To aid executives and managers in overcoming challenges associated with younger generations, new research from The Centre for Executive Education (CEE) analysed the attitudes, behaviours and workplace preferences of both Generation Y (ages 20 to 34) and Generation Z (ages 16 to 19) employees.

Surveying 304 respondents from both Gen Y and Z in Singapore, the report broke down what both generations look for in an organisation, what factors encourage them to stay in the company, how they like to be led, and the type of organisational culture they prefer.

While Gen Ys looked for career growth and advancement, Gen Zs viewed job satisfaction as a priority.

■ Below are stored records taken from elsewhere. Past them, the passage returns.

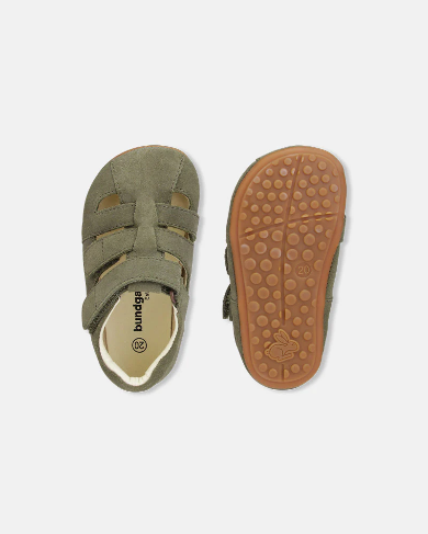 Die Sandale hat eine dünne, flexible Gummisohle, die es dem Kind ermöglicht, sich frei zu bewegen, während die feste Fersenkappe für einen stabilen Halt am Fuß sorgt. Durch diese Konstruktion werden kleine Füße optimal gestützt, was ideal ist, wenn Ihr Kind das Stehen und selbständige Bewegen übt.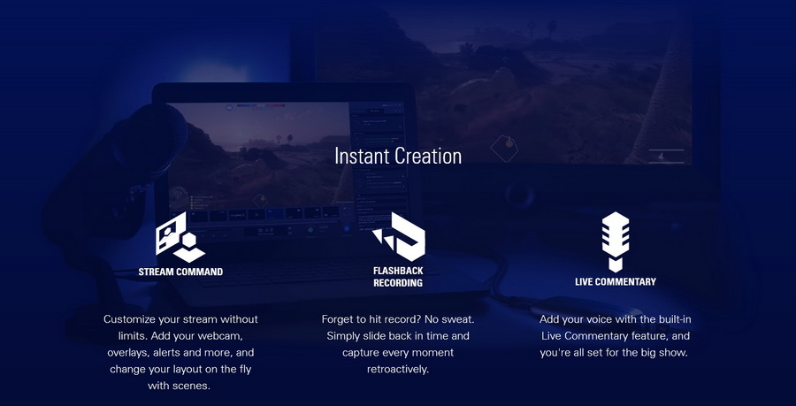 - Instant Gameview ให้คุณดูตัวอย่างแบบทันทีรวมถึงเว็บแคมของคุณและคำวิจารณ์สด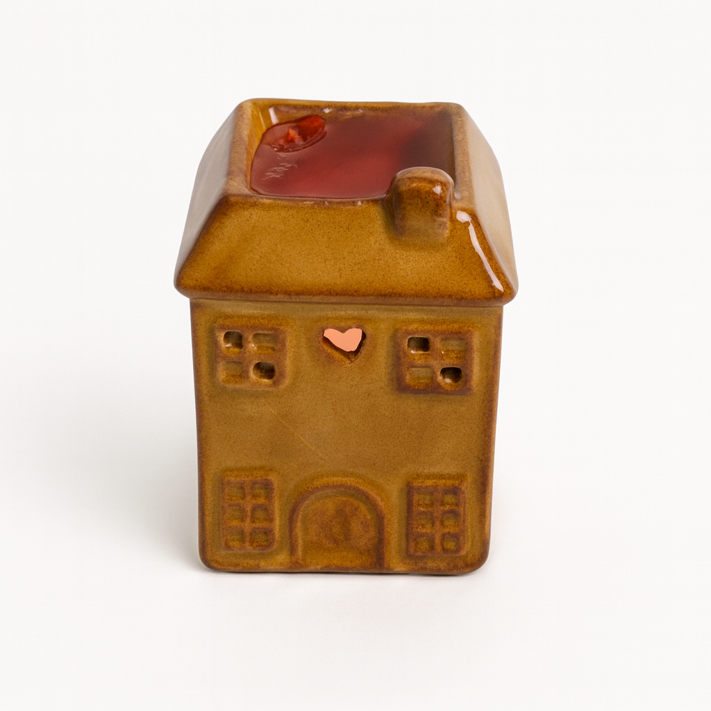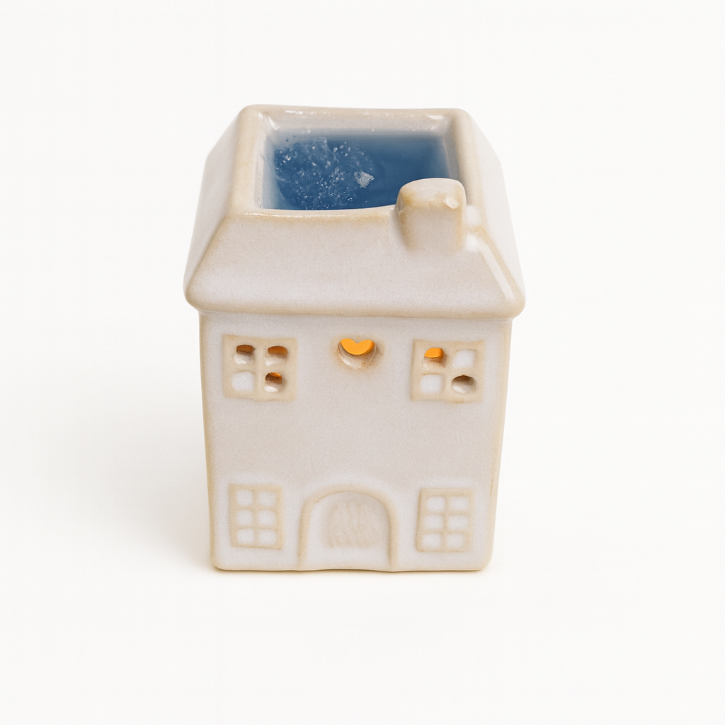 Este quemador combina diseño decorativo y funcionalidad en un formato más pequeño y adorable. Fabricado en cerámica esmaltada, su luz se filtra por las diminutas ventanas creando un efecto cálido y acogedor.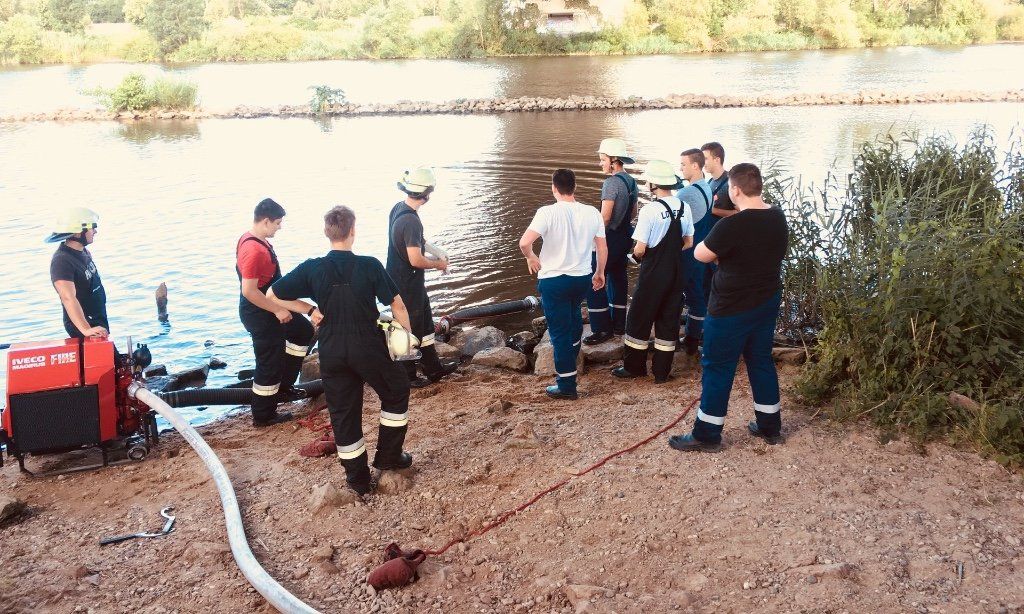 Die Gruppe 1 unserer Wehr führte eine Übung an der neuen Mainbrücke in Marktheidenfeld durch. Angenommen wurde ein Flächenbrand unterhalb des städtischen Bauhofs. Die Wasserentnahme erfolgte mittels Saugleitung aus dem Main.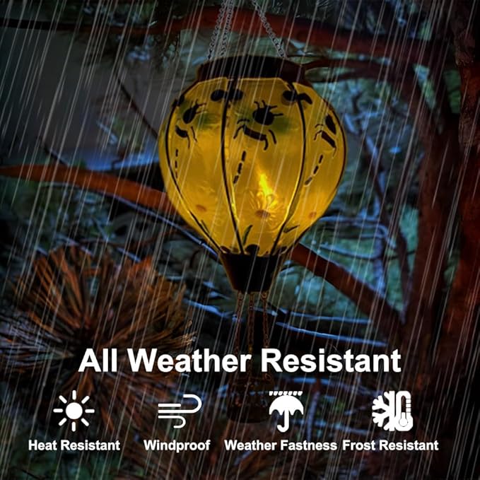 • Weather Resistance: The IP44 waterproof hanging solar lantern can adapt to various weather conditions it can can be used indoors or outdoors; Outdoor solar lantern is 5.5" W *18" H; Its metal parts have a protective coating and are not easy to rust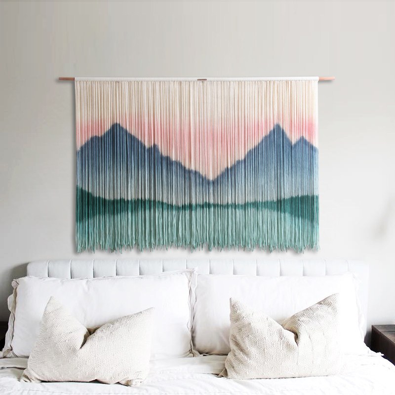 Blue Art Square Nordic hand-woven cotton tapestry living room bedroom bedside decoration homestay soft art tapestry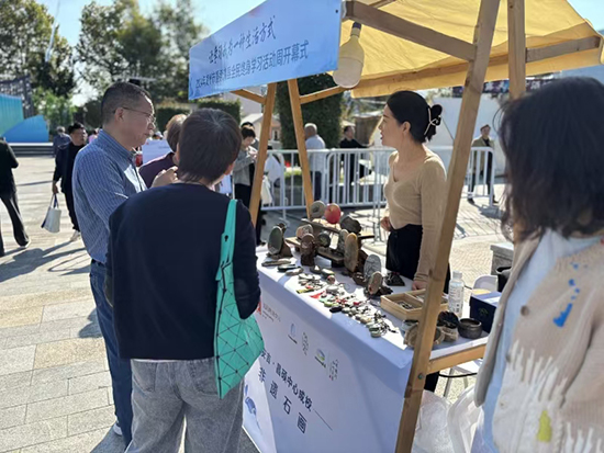 在活動現場,昌碩成校石畫班特聘教師、非遺傳承人施娟云以石頭為媒介,用色彩斑斕的顏料勾勒出一幅幅精致的石畫作品,引來了絡繹不絕的觀眾駐足觀賞。這項源自古代的技藝不僅考驗藝術家的手工精細度,更需要深厚的文化底蘊與創意靈感。不少觀眾被吸引上前,圍著老師認真學習繪畫技法,甚至有人在老師指導下拿起畫筆,嘗試在小小的石頭上留下自己獨特的印記,體驗了一次跨越時空的對話。

Gen Zs also preferred greater workplace flexibility, better balance between their work and home life with telecommuting facilities or a work-from-home arrangement, whereas Gen Ys favoured traditional hours and method of working.

Talent Attraction


When it came to talent retention, 75% of Gen Y and Z indicated they expect to remain with an organisation for less than five years. Gen Z generally expected to stay in their current position for at least 3 to 5 years. Gen Y, however, was less hopeful.

Gen Ys also stated they would switch jobs if they were promised higher pay, while Gen Zs were more swayed by better perks and benefits.

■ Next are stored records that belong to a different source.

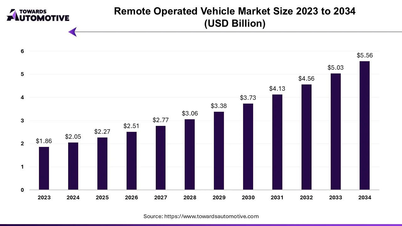 According to Towards Automotive consultants, the global remote operated vehicle (ROV) market is projected to reach approximately USD 5.56 billion by 2034, increasing from USD 2.05 billion in 2024, at a CAGR of 10.47% during the forecast period 2024 to 2034.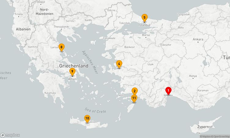 Ihre Kreuzfahrt startet am 11. Oktober 2026 in Antalya (Türkei), und nach 11 Tagen endet sie am 22. Oktober 2026 in Antalya (Türkei).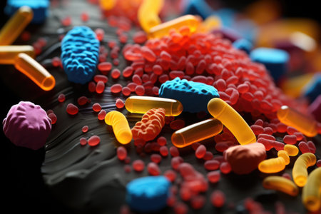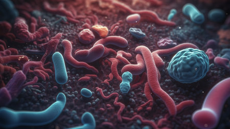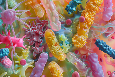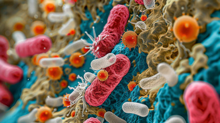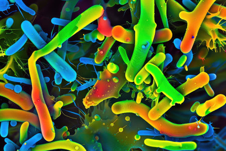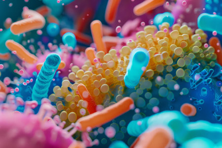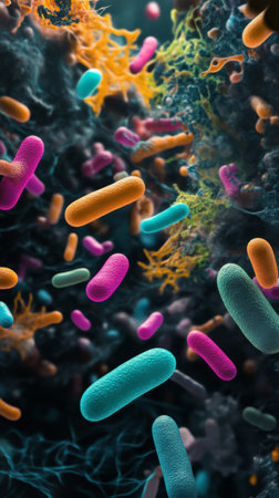 Colorful microscopic view of diverse bacteria thriving in a vibrant microbial environment

Both generations stated they expected their leaders to be effective communicators and good listeners, with 95% of Gen Z and 85% of Gen Y citing their ideal manager as a coach or mentor figure.

Talent Engagement


“Managers should be authentic and lead from the front and by example or adopt servant leadership, instead of a commanding or directive style,” Professor Sattar Bawany, CEO of CEE, said.

“These younger generations need guidance through coaching and mentoring rather than control and micro-management. A highly engaging and interactive management style characterised by open communication works best for this generation.”

The report also found while both generations value company leadership and employer’s branding, job titles and in-house training were not major areas of consideration for them.

Gen Y favoured working with a supervisor that they can respect and learn from, Gen Z placed working with people they enjoy as a top priority for an ideal work environment.